第2回   第一話 再会と過去への振り返り

暖かい日の光が降り注ぐ春の季節、気持ちの良い風が吹く草原。丘が幾つもあり、辺りは一面緑で小さな花が所々に咲き世界の平和を物語っていた。ここはユピローズ王国の首都サンドリアの近くにある「ティンクルス草原」と呼ばれている所だ。その草原の丘で横になっている一人の少年がいた。髪は栗色でラビリアンと地球の衣服を合わせた様な長袖長ズボンの格好をしていた。そして彼の隣には一本の剣が置かれていた。そう、元神竜隊の一人、秋円マサシである。

「・・・・静かだなぁ。何時までもこうしていたいよ」

風を感じながら目を閉じて昼寝をしているマサシ。そんなマサシにゆっくりと近づいてくる人影があった。マサシは起き上がる事無く目を閉じたまま近づいてくる人影に言った。

「よくここが分かったな?」
「貴方は仕事が無い時や退屈な時はいつもここで昼寝をしているからね。家に戻ったら居なかったから、もしかしてと思ったの」
「成る程、俺の行動パターンは把握してるってわけか」

マサシはゆっくりと起き上がり声の主を方を向いた。そこにはピンク色のツインテールに長袖とミニスカートをという格好をしている少女が立っていた。

「まぁこっちに来て座れよジゼル」

そう、その少女こそ嘗てマサシと共に戦った傭兵の少女、ジゼル・アルフォントだ。ジゼルは笑いながらマサシの隣までやってきて腰を下ろし、持っていたバスケットを自分とマサシの間に置いて中からリンゴを取り出しマサシに差し出した。

「食べる?」
「ああ、ありがとう」

ジゼルからリンゴを受け取ったマサシは皮ごと被りつきリンゴの食べる。ジゼルもバスケットから別のリンゴを取り出してマサシと同じ様にゆっくりと口にした。

「今日に夕食は何?」
「トルロントのスープとアオセルマのムニエル、あとはアシナガエビのシーザーサラダよ」
「今日は豪勢だな」
「昨日の依頼の報酬は多かったからね、ちょっと奮発してみたの」
「ハハハハッ、そっか」

夕食の話をしながら笑うマサシとジゼル。

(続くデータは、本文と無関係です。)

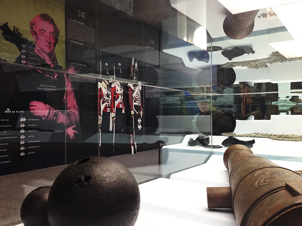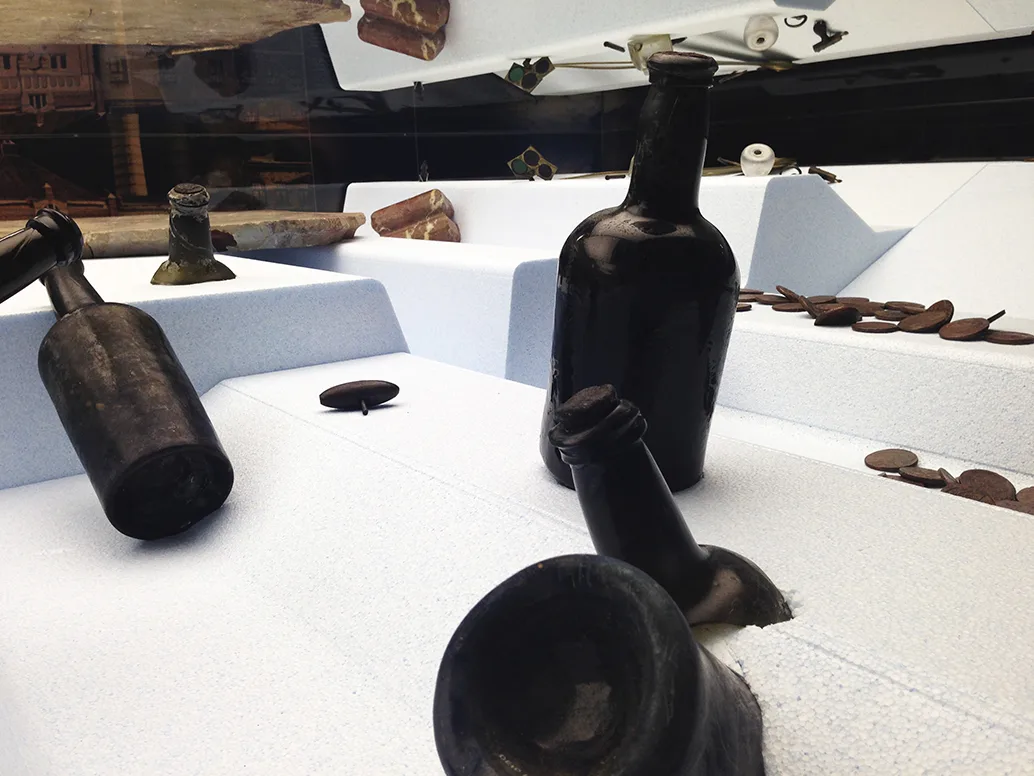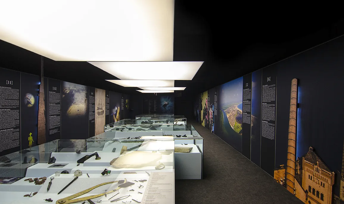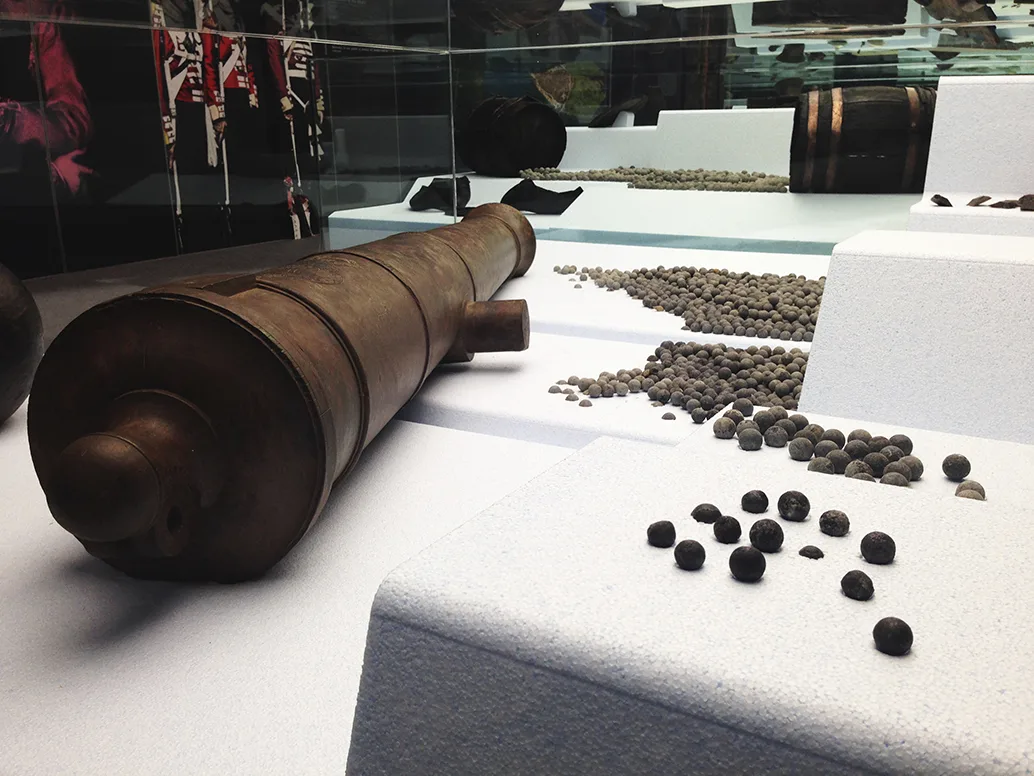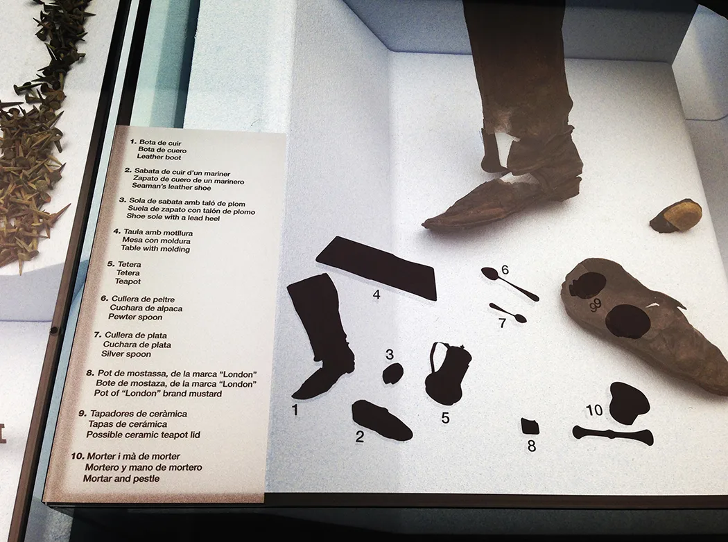 Las piezas arqueológicas se presentan sobre una base ondulante, mimetizando su disposición tal y como fueron halladas por los arqueólogos bajo el agua. Este lecho de EPS, diseñado para evocar el fondo marino, proporciona un escenario en el que los objetos parecen estar encallados, preservando el caos y el azar propios de un naufragio. Las vitrinas, dispuestas a ras de suelo, albergan una variedad de objetos civiles y militares del siglo XIX, ofreciendo al visitante una visión cercana y tangible de los restos rescatados.

ちなみにトルロントとはジャガイモに似たラビリアンの芋で、アオセルマとはブダイにそっくりな魚である。夕食の話を終えた二人は青空を見上げて何処か懐かしさのある顔を見せた。

「もう半年になるのよね」
「ああ、エクス・デストロとの戦いから半年だ」

二人はエクス・デストロが引き起こしたビッグバン大戦のことを思い出していた。かつてこの世界を破滅へと導いた悪の化身、ディアボロスとルシフェル。マサシとジゼルの負の感情から生まれた二人はラビリアンを消滅させて自分達が新しい世界の創造主になろうとした。だがマサシとジゼルがそれを阻止し世界に、このラビリアンに平和が戻ったのだ。

「今こうしているとあの時の大戦が夢みたい」
「ああ、俺もそう思う」
「もしあたし達が負けていたらこんな穏やかな日常を送れなかったのよね」
「俺達は勝った。だけどその為に多くの犠牲を出してしまった。その人達のためにも俺達はこの世界を守り続けなくちゃいけないんだ」
「うん、分かってる」

ビッグバン大戦で犠牲になった人達の為にもこの平和を守ると改めて誓うマサシとジゼル。すると、マサシは立ち上がり、リンゴをかじりながらジゼルの方を向いた。

「町に戻ろう、新しい依頼が来てるかもしれない」
「・・・・うん、そうね。一人でも多くの困っている人を助けないと、ビッグバン大戦の時の様に苦しむ人達を出さないためにも」

ジゼルも立ち上がりマサシの方を向いて頷く。二人はゆっくりと草原を歩きながらサンドリアへ戻って行った。





町へ戻ったマサシとジゼルは市場が並ぶ大通りを歩いていた。ビッグバン大戦から半年が経ちユピローズ、いやラビリアン全ての国でも地球の物資が売られるようになったので以前より賑やかになった。ラビリアンの存在を知っているのはライトシンフォニアの人間と地球の一部の要人のみ、彼等の助力がありライトシンフォニアも次元移動装置でラビリアンへ自由に行き来できる様になったのだ。だがライトシンフォニアがラビリアンにできるのは一部の技術を知識を提供することだけ。地球の全てを提供すればラビリアンという世界そのものが変わってしまうからである。だから地球はあくまでラビリアンを「手助け」する形となっているのだ。

「ここも以前と比べて賑やかになったわね」
「ああ、地球の物や料理を店で出すようになったからな」
「休日は今以上に賑やかだもんね。買い物とかも大変よ」

大変だと言ってはいるがジゼルの顔には不満などは一切見られない、むしろ楽しそうな顔をしていた。そんな彼女の顔を見てマサシも笑みを浮かべながら言った。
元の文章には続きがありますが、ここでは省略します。